| WHAT YOU NEED TO DO |
Give again, word for word, the lines below that run from the line with "The root mean-square" through the line with "Die Kinder der". Drop the pictures.

| EXERCISE DATA |
————
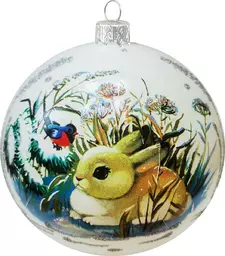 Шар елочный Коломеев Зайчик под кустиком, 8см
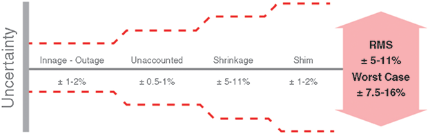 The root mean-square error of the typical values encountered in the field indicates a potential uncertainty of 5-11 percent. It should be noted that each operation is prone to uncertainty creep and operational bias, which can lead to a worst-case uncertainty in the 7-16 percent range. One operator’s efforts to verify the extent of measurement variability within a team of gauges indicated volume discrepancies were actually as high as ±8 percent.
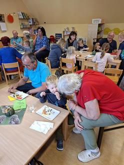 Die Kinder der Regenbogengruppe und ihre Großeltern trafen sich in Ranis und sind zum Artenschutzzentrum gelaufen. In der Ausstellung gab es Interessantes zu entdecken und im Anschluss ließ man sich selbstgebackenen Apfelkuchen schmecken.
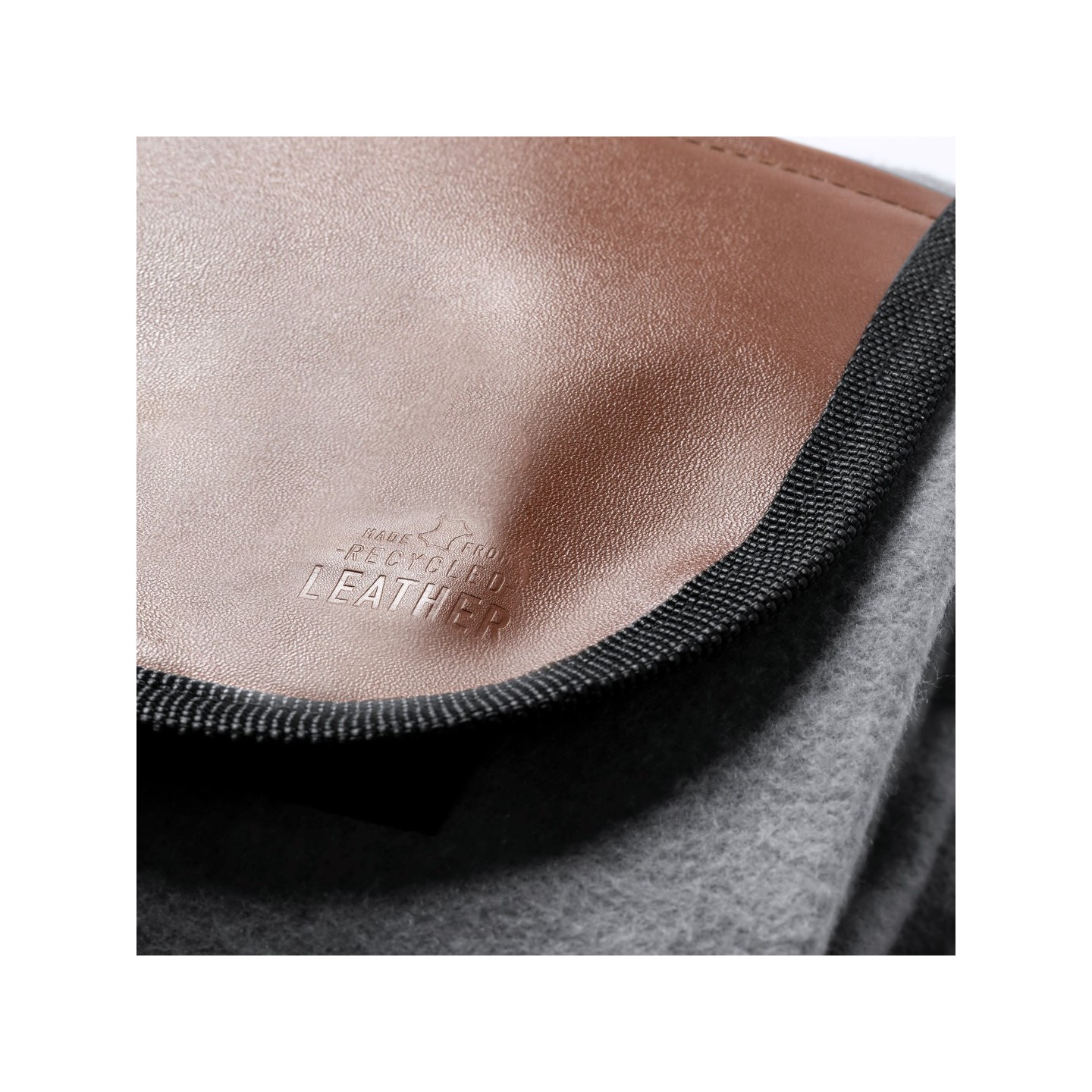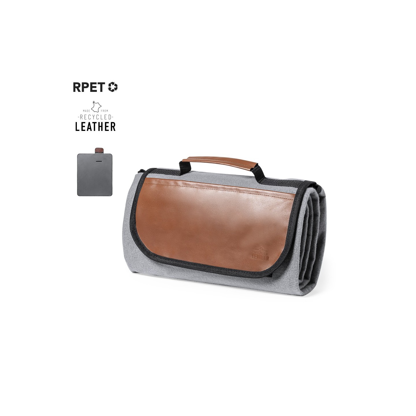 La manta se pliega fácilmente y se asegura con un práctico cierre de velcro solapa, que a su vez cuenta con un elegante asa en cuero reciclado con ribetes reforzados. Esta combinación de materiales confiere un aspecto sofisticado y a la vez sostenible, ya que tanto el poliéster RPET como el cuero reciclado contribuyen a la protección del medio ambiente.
————
| RESPONSE |
 The root mean-square error of the typical values encountered in the field indicates a potential uncertainty of 5-11 percent. It should be noted that each operation is prone to uncertainty creep and operational bias, which can lead to a worst-case uncertainty in the 7-16 percent range. One operator’s efforts to verify the extent of measurement variability within a team of gauges indicated volume discrepancies were actually as high as ±8 percent.
 Die Kinder der Regenbogengruppe und ihre Großeltern trafen sich in Ranis und sind zum Artenschutzzentrum gelaufen. In der Ausstellung gab es Interessantes zu entdecken und im Anschluss ließ man sich selbstgebackenen Apfelkuchen schmecken.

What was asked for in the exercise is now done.